Second, SUDAAN and the four SAS methods were compared on a chi-square analysis to test the null hypothesis of no relationship between gender and diabetes. These analyses were performed for the total population and for each state. PROC CROSSTAB was used in SUDAAN and PROC FREQ was used in SAS with diabetes coded as a categorical variable (1,2).

RESULTS

Descriptive Analyses

Table 2 (columns 2 and 3) shows that unweighted SAS, compared to SUDAAN, overestimates the prevalence of diabetes by about 10% of the SUDAAN point estimate for the total population (5.40% versus 4.86%) and for half of the states. Note also that the estimated standard errors in Table 2 are smaller for unweighted SAS than for SUDAAN. For the entire population the SUDAAN estimated standard error is 35% larger than the standard error estimated by unweighted SAS (.219 versus .160). The combination of the biased point estimate and underestimation of the standard error could result in quite misleading confidence intervals for the prevalence of diabetes.

Table 2 (columns 4 and 5) shows that SAS with FINALWT or NORMWT give identical results, with the SAS point estimates the same as SUDAAN but the SAS estimated standard errors still lower than SUDAAN. The magnitude of SAS underestimation of the standard error with FINALWT or with NORMWT is somewhat worse than with SAS unweighted. The advantage of using SAS with FINALWT or NORMWT, compared to SAS unweighted, is that correct point estimates are obtained.

Table 2 (columns 2 and 6) shows that SAS with STNORMWT gives identical results to SAS with FINALWT or NORMWT for state specific analyses but yields a biased point estimate for the total population along with an underestimated standard error.

Chi -Square Analyses

The chi-square analysis tests the null hypothesis that the prevalence of diabetes is the same for males and females. Table 3 (columns 2 and 3) shows that unweighted SAS, compared to SUDAAN, yields a higher value for the chi-square statistic for the entire population, giving a smaller P-value (.003 versus .014). A comparison of unweighted SAS with SUDAAN, state by state, shows no consistent pattern; the P-value for unweighted SAS is sometimes higher and sometimes lower than for SUDAAN. However, since it was noted above that unweighted SAS yields biased estimates of diabetes prevalence, unweighted SAS probably should not be given serious consideration in an analysis to determine if diabetes prevalence differs by sex.

Table 3 (columns 2 and 4) shows that SAS with FINALWT, compared to SUDAAN, yields an unreasonably large and suspicious value of the chi-square statistic for the total population and for each state. For this reason P-values are not included in Table 3 for SAS with FINALWT. PROC FREQ in SAS, with FINALWT, considers the sample size to be the sum of the values of FINALWT (i.e. 45,452,569) as opposed to the actual sample size of 20,049 for the total population.
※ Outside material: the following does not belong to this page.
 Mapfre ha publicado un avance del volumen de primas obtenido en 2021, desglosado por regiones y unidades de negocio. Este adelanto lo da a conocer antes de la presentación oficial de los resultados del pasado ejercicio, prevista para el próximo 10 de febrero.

This is the reason for the very large values of the chi-square statistic.

Table 3 (columns 2 and 5) shows that SAS with NORMWT, compared to SUDAAN, yields a chi-square value for the six state area which is twice as large (12.64 versus 6.07). However, this relationship between SUDAAN and SAS with NORMWT does not hold for each of the six states in Table 3. Compared to SUDAAN, SAS with NORMWT yields a larger chi-square statistic value for some states but a smaller value for other states. This occurs because, within each state, SAS considers the sample size as the sum of NORMWT. Hence, the sample size for CA is artificially inflated to 10,049 from 3719, whereas the sample size for WV is artificially deflated to 598 from 2425 (see Table 1). Thus, the chi-square statistic using SAS with NORMWT, compared to SUDAAN, is much larger for CA but much smaller for WV.
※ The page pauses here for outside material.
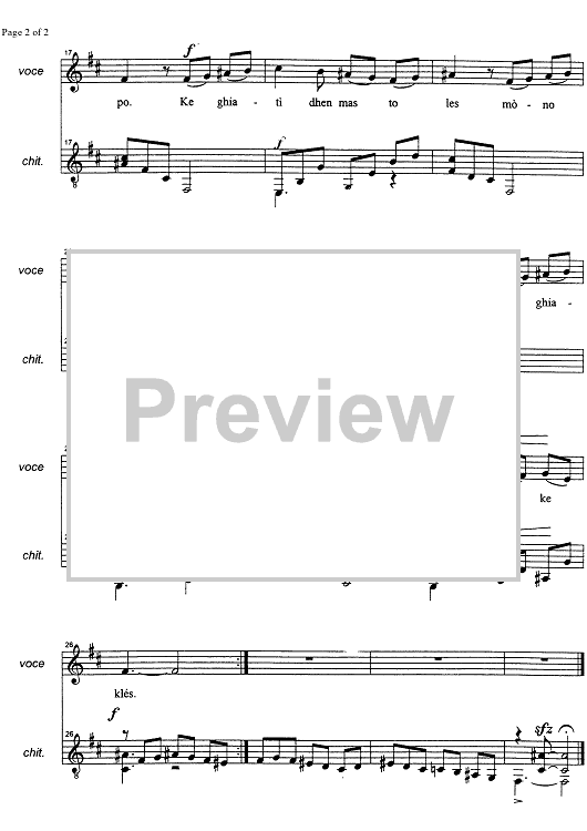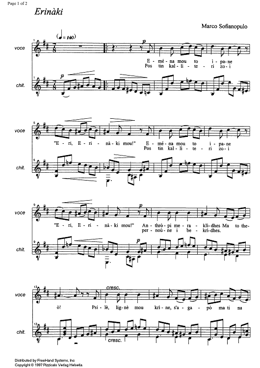 Digital Sheet Music for Erinàki by Marco Sofianopulo scored for Voice/Guitar; id:330516

Table 3 (columns 2 and 6) shows that SAS with STNORMWT, compared with SUDAAN, yields a chi-square statistic for the total population about twice as large as SUDAAN (13.20 versus 6.07). For each state the chi-square statistic based on SAS with STNORMWT is about 15% to 20% larger than provided by SUDAAN. Because STNORMWT is normed within a state, the sum of the weights reflect the statewide sample size. Hence, SAS with STNORMWT shows the common pattern that SAS generally calculates a larger value of the chi-square statistic than does SUDAAN.

DISCUSSION

Unweighted Analyses with Standard Statistical Software

Although the empirical evidence in this paper is based only on one type of survey (BRFSS), only on six states and only on 1993 data, the findings are consistent with other similar investigations [7]. Using a standard statistical package with unweighted analyses to analyze sample survey data generally will yield (1) biased point estimates of population parameters, (2) underestimates of the standard error for point estimates, (3) confidence intervals on population parameters which are too narrow, and (4) tests of significance which are too likely to reject the null hypothesis because the standard errors or variability in the data generally are underestimated.
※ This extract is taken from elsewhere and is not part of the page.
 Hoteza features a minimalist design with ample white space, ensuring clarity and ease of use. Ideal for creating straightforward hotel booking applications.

The extent of the bias in unweighted point estimates will depend upon the particular dataset and is related to the variability of the FINALWT variable. If FINALWT has little variability in the dataset, then an unweighted point estimate will be close to a weighted point estimate. In the six state BRFSS dataset, the value of FINALWT ranged from 70 to 72,663 over the six states. This extreme variability in the value of FINALWT primarily is due to varying sampling fractions across the states, i.e. a small variation in state sample size (2400 to 4400) but widely different statewide populations (1.4 to 22.8 million).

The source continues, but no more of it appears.